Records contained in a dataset
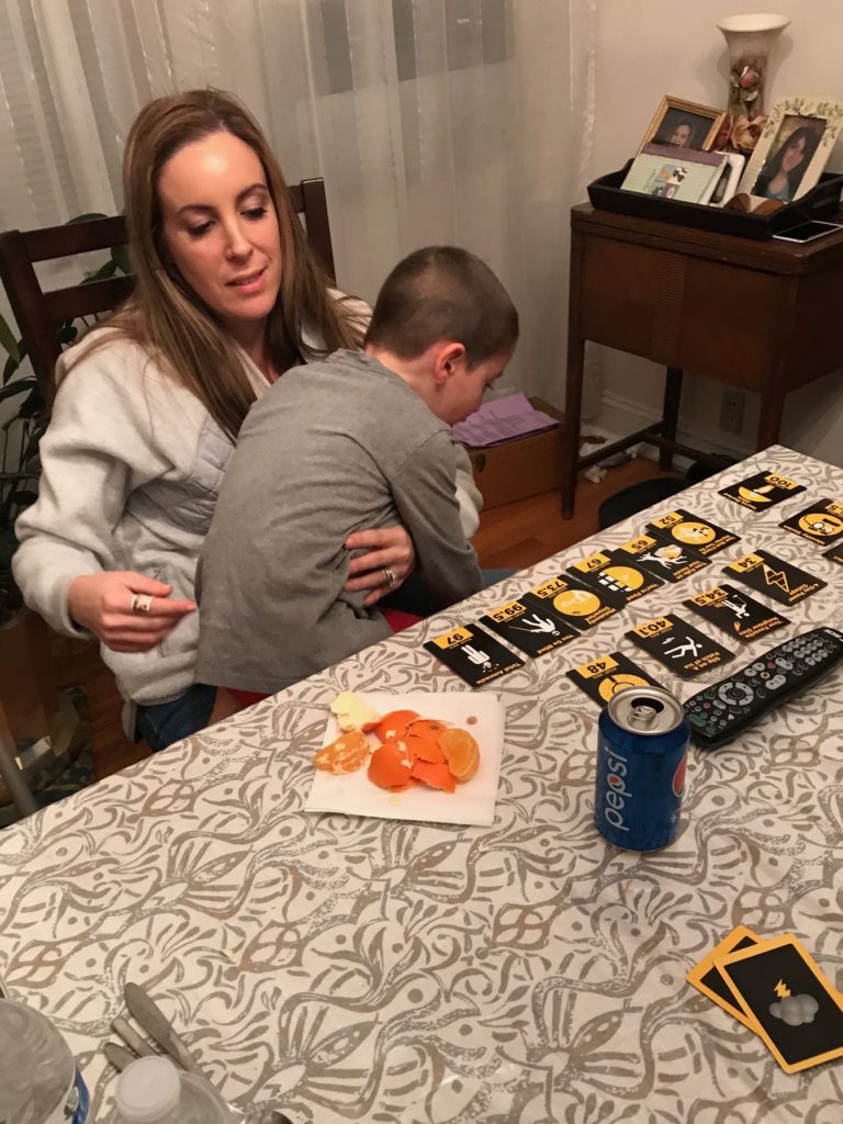 Happiness is when my daughter and her family come to visit and we all play a fun card game. Stuff Happens is a great card game for everyone over the age of 13. My grandson sat with my daughter and helped his mom play.
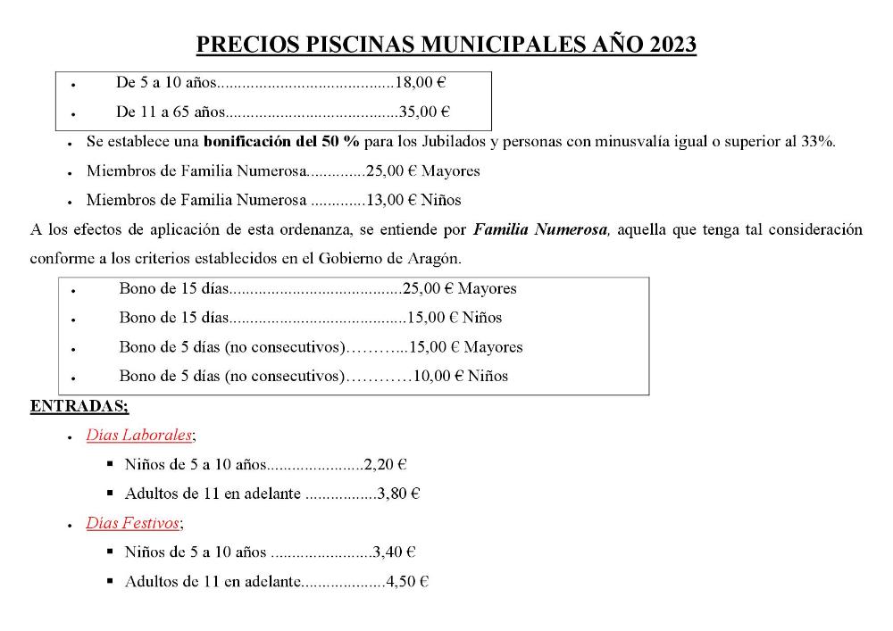 Piscinas Municipales. Tarifas
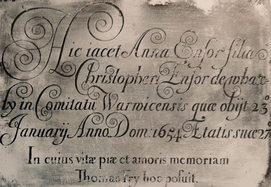 Brass of Anna Ensor, 1654, Haslingfield (RCHM)
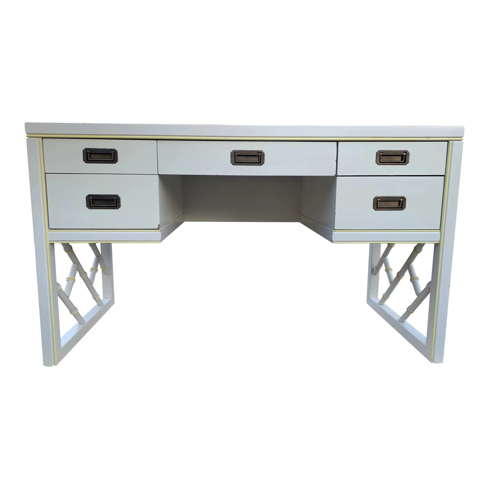 Here we have a charming Mid Century white lacquered faux bamboo campaign style desk. Made in America by Sligh. Many stylish details such as gilt tooled leather writing surface, faux bamboo fretwork, yellow pin striping and recessed campaign style hardware. Finished on all four sides and can be floated in the middle of the room.PLEASE NOTE: While this desk looks great from across the room, it is not perfect. There are many dings, scuffs, scrapes and chips. I’ve taken pics of the worst spots. Please enlarge and examine the photos carefully and feel free to ask questions.
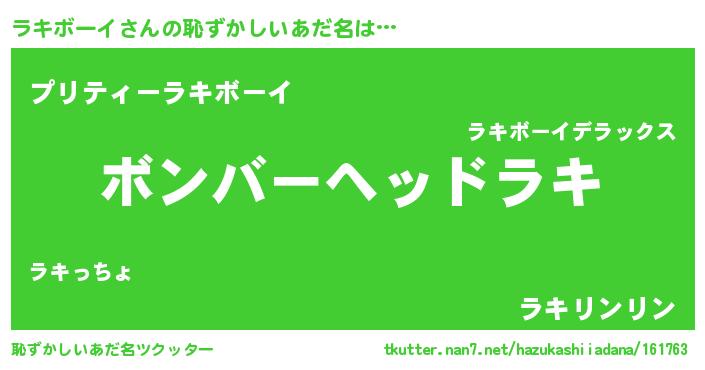 | ヒーロー風カッコイイあだ名 | 『仮面ラキダー』『愛の使者ラキボーイ』 |
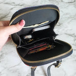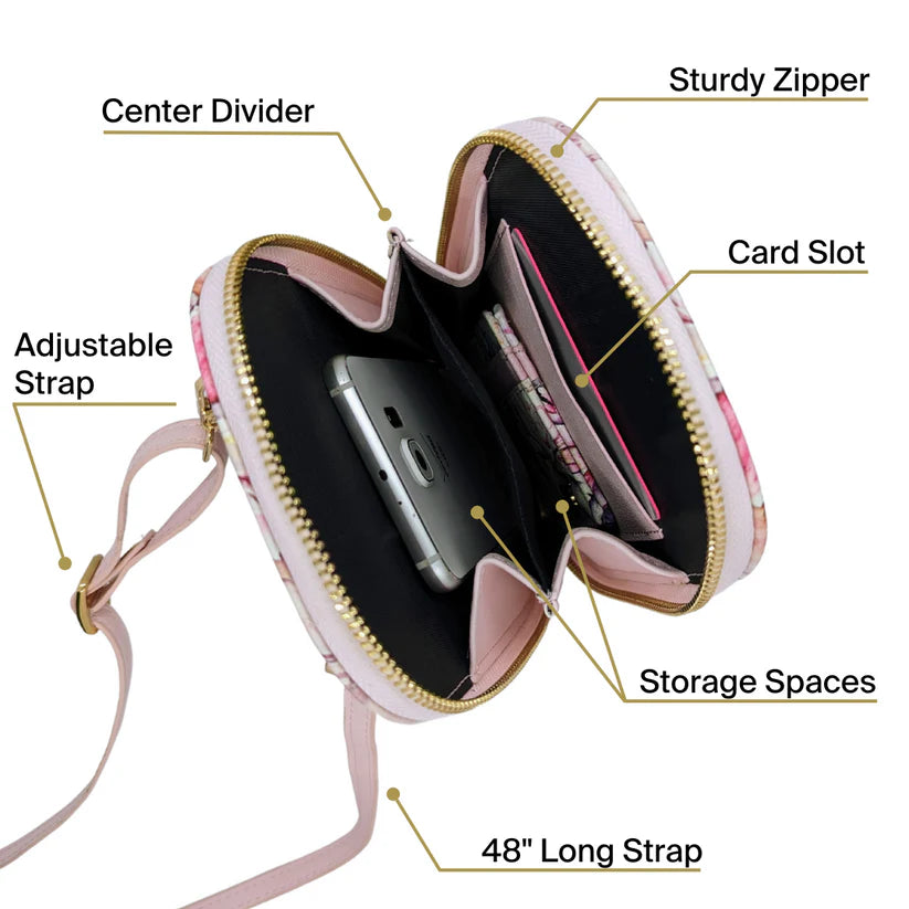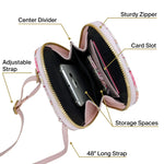 Monarque’s art inspired Frank Lloyd Wright Saguaro Sunrise Crossbody's beauty can only be matched by its versatility. This vegan leather crossbody bag features an exterior front pocket for easy access and a convenient back card slot. A roomy divided interior is large enough for a cell phone, slim wallet, and lip balm. The additional interior card slot offers even more storage.
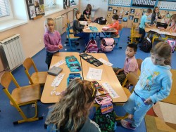 V rámci učiva prvouky, seznamování se a podpory spolupráce mezi dětmi jsme zvolili práci v centrech aktivit. První z nich je na téma pohádky O veliké řepě. Děti se rozdělily do skupinek podle vylosovaných čísel. Během dvou týdnů navštíví centra čtení a psaní, matematiky, atelier, pokusy a objevy, relaxace. V rámci každého centra splní zadaný úkol, jejich práci odprezentují a ohodnotí. Nechybí také doporučení a rada pro další skupinky, které se na dané úkoly teprve chystají.
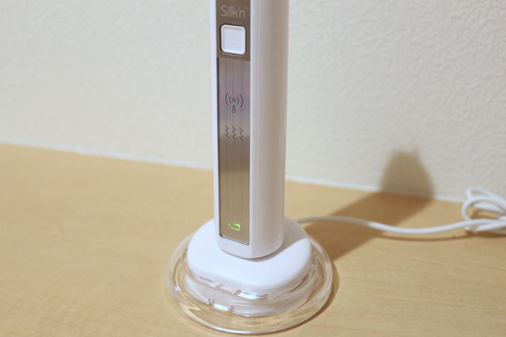 充電は、専用アダプターに置いておくだけ。1回の充電(初回は24時間)で、約2週間使用できるそう(1日2回使用した場合)
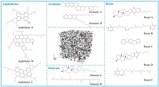Asphalt is a residual petroleum mixture composed of hydrocarbons, sulfur and nitrogen compounds, and their non-metallic derivatives. These molecules have significant differences in polarity and molecular weight, making it difficult to represent their composition with a single molecule. In order to understand the molecular structure of asphalt, Jennings et al. constructed an average molecular structure based on the nuclear magnetic resonance (NMR) spectra of eight asphalt samples from the Strategic Highway Research Program (SHRP) in the United States. However, these structures cannot reflect the interactions between asphalt components. Subsequently, the asphalt system was divided into four components: saturates, aromatics, resins, and asphaltenes (SARA) using the standard test method (ASTM D4124-09 []). Through continuous improvement, Li and Greenfield constructed three 12-component asphalt models (AAA-1, AAK-1, and AAM-1) based on the SARA components. Therefore, in this study, the AAA-1 asphalt 12-component model was selected as a representative of the matrix asphalt for research. Figure 3 shows the molecular structure of the 12-component asphalt model. Figure 4 shows the model parameters of the 12-component asphalt model.
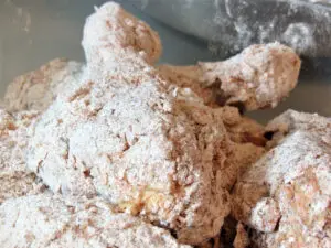 Once you remove your chicken from its egg fortified brine or buttermilk, shake off the excess and generously roll it in your seasoned flour. Set each piece aside to let the moisture of the brined chicken bond with the flour.
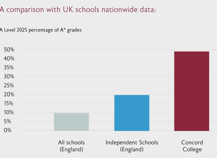 아래 표는 잉글랜드의 모든 학교, 잉글랜드의 사립학교, 그리고 콩코드 컬리지의 A*점수의 퍼센티지를 보여주고 있는데요,
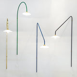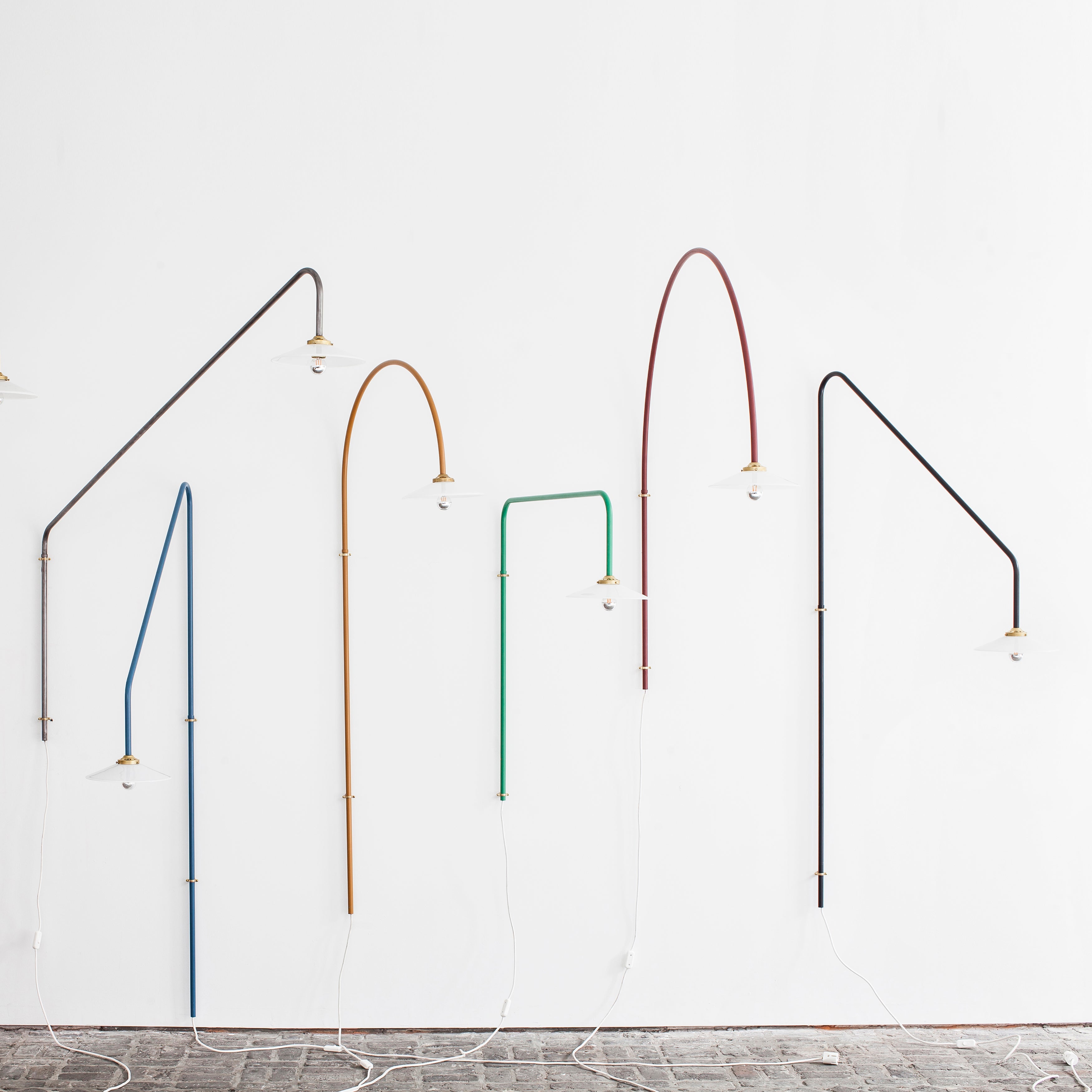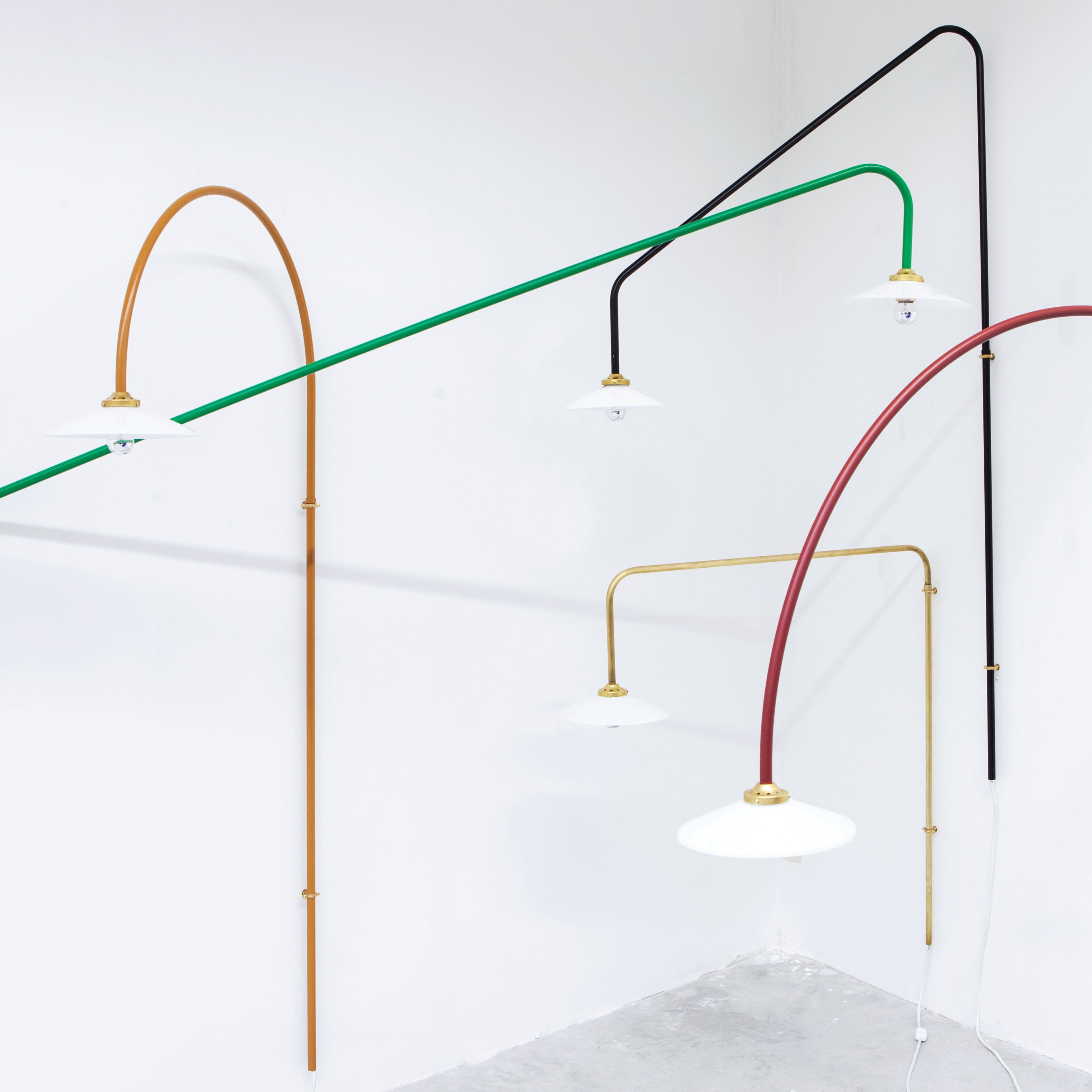Muller Van Severen’s initial version of their wall-mounted pendant makes a dramatic upward slant. The series was conceived the duo needed a dining table light in a room without a ceiling outlet. The linear fixture makes a statement without dominating a space and is crafted in steel tubing in brass, black or several curated colors.

▶ **WORK ITEM**: An exact copy is needed. It runs from the line above containing "Brass of Anna" down to the line containing "Monarque’s art inspired", both included, with no pictures.

▶ **REPLY TO THE EXERCISE**:
 Brass of Anna Ensor, 1654, Haslingfield (RCHM)
 Here we have a charming Mid Century white lacquered faux bamboo campaign style desk. Made in America by Sligh. Many stylish details such as gilt tooled leather writing surface, faux bamboo fretwork, yellow pin striping and recessed campaign style hardware. Finished on all four sides and can be floated in the middle of the room.PLEASE NOTE: While this desk looks great from across the room, it is not perfect. There are many dings, scuffs, scrapes and chips. I’ve taken pics of the worst spots. Please enlarge and examine the photos carefully and feel free to ask questions.
 | ヒーロー風カッコイイあだ名 | 『仮面ラキダー』『愛の使者ラキボーイ』 |
 Monarque’s art inspired Frank Lloyd Wright Saguaro Sunrise Crossbody's beauty can only be matched by its versatility. This vegan leather crossbody bag features an exterior front pocket for easy access and a convenient back card slot. A roomy divided interior is large enough for a cell phone, slim wallet, and lip balm. The additional interior card slot offers even more storage.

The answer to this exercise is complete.